Thanks for checking the page, bpfh. I'm not sure what's happening. I haven't tried viewing the Web site on Mac, but I can view it both on Windows and Linux (Ubuntu) with Chrome, FF, and IE8. Can you please try again, and let me know if you still have problem? The Web site (which is running on the same JVM of the Web Service) uses Twitter Bootstrap, and it works from my Android devices as well. Thanks!
D*ng, LiquidSummer. I've been using this service for almost a year with no problem, and you broke it. :)
It appears that, because it recursively calls it, the call eventually times out. (Google App Engine has this time limit of 10~30 seconds.) I'm not sure if I'll have a solution for this, but I can at least catch the exception. I'll need to look into it further.
OK, I figured it out. :) The problem was, we only support HTML pages at this point. The targetUrl you specified did not return a valid HTML page (it's JSON), and the application just returned 404 HTTP status code (since it couldn't find any HTML content), which was by design. (Note that this API is supposed to be used by a program not from a Web browser.) Anyways, it had been a while I actually looked at the code, and it was "fun" to look at the code again. :) I have yet to find a "bug". grin
I don't get it, is a service for developers to get the page title for a html page, so I must make a request to this service and learn it's api instead of making the request directly to that page and run a very simple regex?

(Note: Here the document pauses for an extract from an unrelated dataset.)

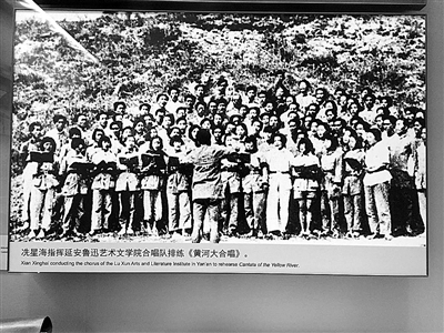 抗战馆展览上的一张老照片,让参观者重温了冼星海和鲁艺人一起排练《黄河大合唱》的情景。这张照片拍摄于1939年5月,当时鲁艺百余位师生正为庆祝鲁艺成立一周年加紧排练,冼星海作为作曲者,也跨界当起了指挥。照片中他站在山坡的平地上,身着军装和绑腿,踮着脚,倾着身子,挥动双臂,样子十分投入,百余号师生的目光都聚在他身上。

Givan, yes and no. Clearly, you're right in that it's one more thing to learn (a particular variant of REST API). But, there can be many benefits of using a Web service like this (or, another app/service/abstraction layer, etc.) in some situations. For example, suppose that you want to get the meta description of a certain Web page using a Javascript (from your own HTML page). The Web page may happen to be large and there can substantial network latency, etc. In many cases, you do not want to do it on the fly every time your page is loaded. You may want to implement a storage or caching layer on the server side, etc. PageSynopsis provides such service "out of the box". It also supports "asynchronous" fetching, periodic refreshing, and so forth. This is a very simple service, but I use it from different apps of mine (and, I don't have to replicate this functionality across different apps). Thanks for checking it out.
Why make it a service? Why not open source it and let anyone run it from their machines?

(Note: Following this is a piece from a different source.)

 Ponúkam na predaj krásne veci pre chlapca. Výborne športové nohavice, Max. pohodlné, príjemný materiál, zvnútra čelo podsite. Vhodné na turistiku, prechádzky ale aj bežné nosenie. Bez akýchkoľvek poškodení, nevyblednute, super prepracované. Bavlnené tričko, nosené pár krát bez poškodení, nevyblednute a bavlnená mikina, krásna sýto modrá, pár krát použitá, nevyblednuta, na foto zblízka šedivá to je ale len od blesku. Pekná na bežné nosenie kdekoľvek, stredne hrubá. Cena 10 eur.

I'm sorry but even for the client side, I'd feel happier with my users making a request to my own server where I can definite my own caching as per my applications needs.
Calling a third party service should be reserved for advertisements, tracking, and queries to proprietary data (e.g. Google Maps).
I'm not disparaging your efforts here, no doubt its a fine service but I'd want to run it myself not have it as a SaaS.
True_religion, Great point. As a matter of fact, PageSynopsis is just part of my larger effort.
There are many different ways we can use, benefit from, others' (other developers') work. Traditionally, using a library and linking it into your own code was the primary way to use other people's work. (There are pros and cons.) There have been many different efforts for the last decade or so to make "reusing" others' software "easier". You may recall things like component-based software development, etc., or more recently, certain architectural designs/paradigms such as SOA, and so forth. Open source software is another way in which you can "reuse" others' work.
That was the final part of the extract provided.